▶ _TASK PROMPT_
The entries that follow should be repeated exactly, with no pictures kept.

▶ _THE DATA_
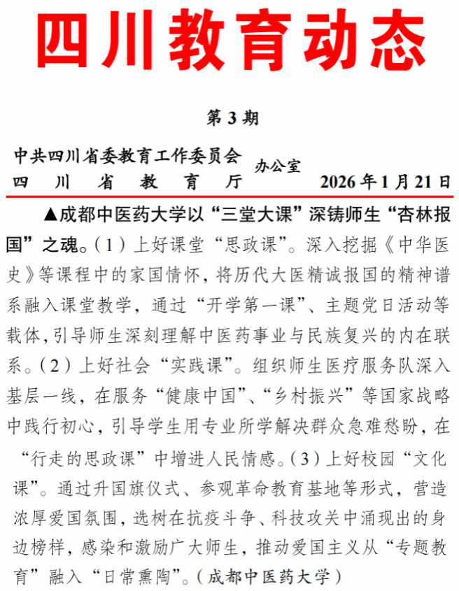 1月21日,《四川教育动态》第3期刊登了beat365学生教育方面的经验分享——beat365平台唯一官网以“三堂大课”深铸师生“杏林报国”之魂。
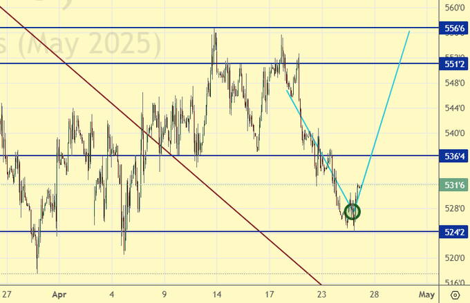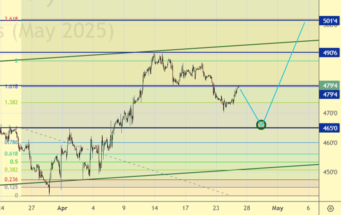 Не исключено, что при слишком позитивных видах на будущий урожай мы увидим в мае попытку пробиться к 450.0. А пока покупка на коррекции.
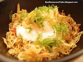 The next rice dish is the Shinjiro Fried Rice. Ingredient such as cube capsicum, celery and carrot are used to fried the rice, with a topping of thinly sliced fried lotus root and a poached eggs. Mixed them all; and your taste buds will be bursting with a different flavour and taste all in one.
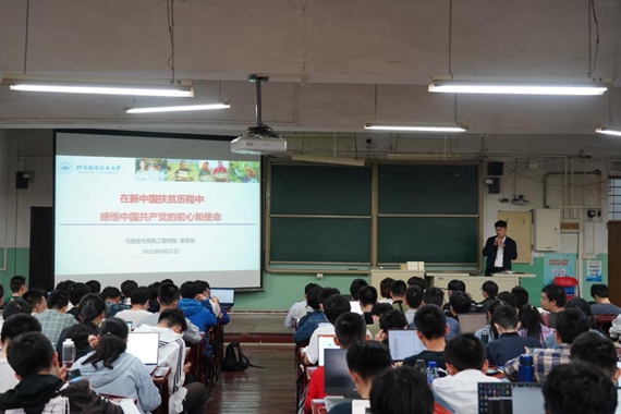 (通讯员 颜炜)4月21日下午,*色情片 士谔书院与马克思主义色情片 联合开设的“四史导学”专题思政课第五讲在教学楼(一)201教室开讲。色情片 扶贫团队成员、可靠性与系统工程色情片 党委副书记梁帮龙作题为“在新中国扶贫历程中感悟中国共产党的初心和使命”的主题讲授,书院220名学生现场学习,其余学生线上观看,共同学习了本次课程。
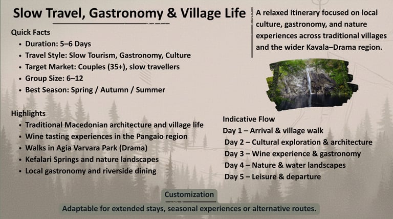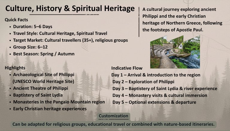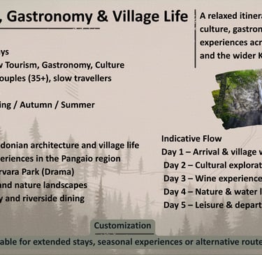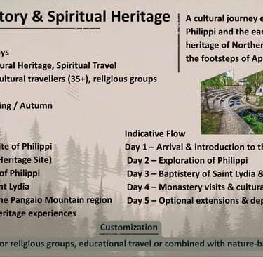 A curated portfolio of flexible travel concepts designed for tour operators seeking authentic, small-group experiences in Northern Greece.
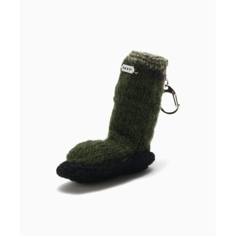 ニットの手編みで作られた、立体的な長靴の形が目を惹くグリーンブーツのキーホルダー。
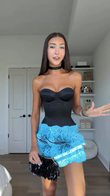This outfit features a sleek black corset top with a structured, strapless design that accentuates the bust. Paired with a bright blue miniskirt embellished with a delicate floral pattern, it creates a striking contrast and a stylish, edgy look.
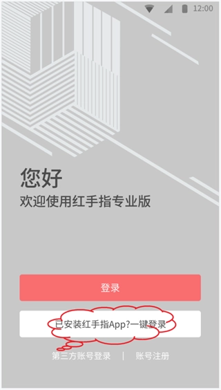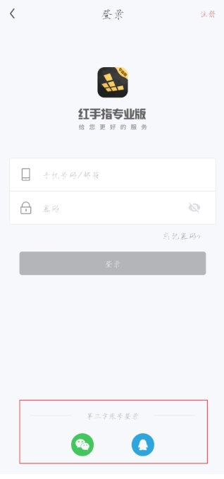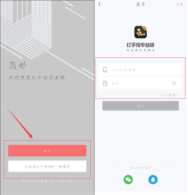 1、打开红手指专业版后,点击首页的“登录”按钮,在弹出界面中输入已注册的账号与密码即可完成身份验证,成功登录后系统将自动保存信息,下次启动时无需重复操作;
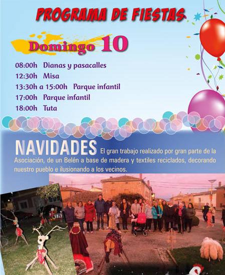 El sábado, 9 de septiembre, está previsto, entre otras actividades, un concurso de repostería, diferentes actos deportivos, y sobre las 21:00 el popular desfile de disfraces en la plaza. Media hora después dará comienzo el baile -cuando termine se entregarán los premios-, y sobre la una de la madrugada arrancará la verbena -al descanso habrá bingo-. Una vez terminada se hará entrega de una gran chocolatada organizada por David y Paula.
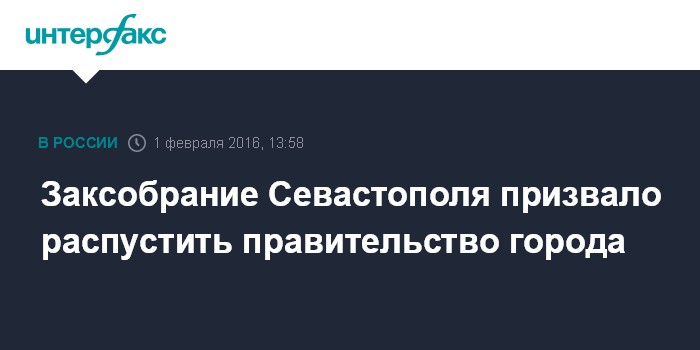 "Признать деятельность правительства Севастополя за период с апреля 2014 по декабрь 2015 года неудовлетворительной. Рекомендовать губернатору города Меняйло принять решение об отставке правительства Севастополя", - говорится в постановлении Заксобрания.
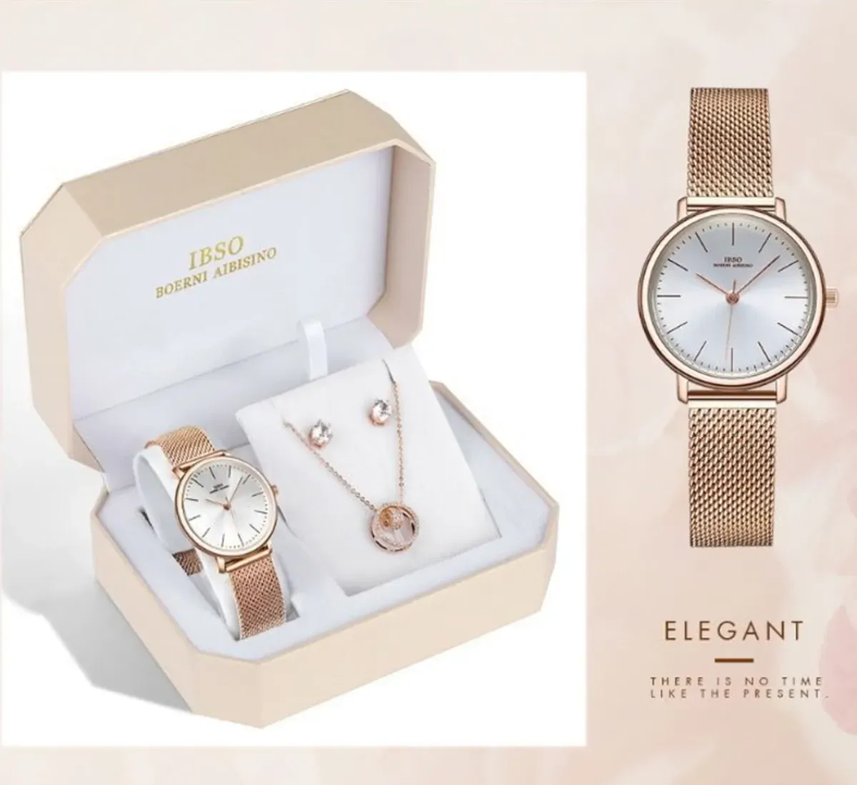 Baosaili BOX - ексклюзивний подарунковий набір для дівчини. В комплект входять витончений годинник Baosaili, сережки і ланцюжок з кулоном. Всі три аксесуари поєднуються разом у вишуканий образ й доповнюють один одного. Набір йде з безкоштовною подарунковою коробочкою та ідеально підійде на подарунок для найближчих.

▶ _REPLY_
 1月21日,《四川教育动态》第3期刊登了beat365学生教育方面的经验分享——beat365平台唯一官网以“三堂大课”深铸师生“杏林报国”之魂。
 Не исключено, что при слишком позитивных видах на будущий урожай мы увидим в мае попытку пробиться к 450.0. А пока покупка на коррекции.
 The next rice dish is the Shinjiro Fried Rice. Ingredient such as cube capsicum, celery and carrot are used to fried the rice, with a topping of thinly sliced fried lotus root and a poached eggs. Mixed them all; and your taste buds will be bursting with a different flavour and taste all in one.
 (通讯员 颜炜)4月21日下午,*色情片 士谔书院与马克思主义色情片 联合开设的“四史导学”专题思政课第五讲在教学楼(一)201教室开讲。色情片 扶贫团队成员、可靠性与系统工程色情片 党委副书记梁帮龙作题为“在新中国扶贫历程中感悟中国共产党的初心和使命”的主题讲授,书院220名学生现场学习,其余学生线上观看,共同学习了本次课程。
 A curated portfolio of flexible travel concepts designed for tour operators seeking authentic, small-group experiences in Northern Greece.
 ニットの手編みで作られた、立体的な長靴の形が目を惹くグリーンブーツのキーホルダー。
This outfit features a sleek black corset top with a structured, strapless design that accentuates the bust. Paired with a bright blue miniskirt embellished with a delicate floral pattern, it creates a striking contrast and a stylish, edgy look.
 1、打开红手指专业版后,点击首页的“登录”按钮,在弹出界面中输入已注册的账号与密码即可完成身份验证,成功登录后系统将自动保存信息,下次启动时无需重复操作;
 El sábado, 9 de septiembre, está previsto, entre otras actividades, un concurso de repostería, diferentes actos deportivos, y sobre las 21:00 el popular desfile de disfraces en la plaza. Media hora después dará comienzo el baile -cuando termine se entregarán los premios-, y sobre la una de la madrugada arrancará la verbena -al descanso habrá bingo-. Una vez terminada se hará entrega de una gran chocolatada organizada por David y Paula.
 "Признать деятельность правительства Севастополя за период с апреля 2014 по декабрь 2015 года неудовлетворительной. Рекомендовать губернатору города Меняйло принять решение об отставке правительства Севастополя", - говорится в постановлении Заксобрания.
 Baosaili BOX - ексклюзивний подарунковий набір для дівчини. В комплект входять витончений годинник Baosaili, сережки і ланцюжок з кулоном. Всі три аксесуари поєднуються разом у вишуканий образ й доповнюють один одного. Набір йде з безкоштовною подарунковою коробочкою та ідеально підійде на подарунок для найближчих.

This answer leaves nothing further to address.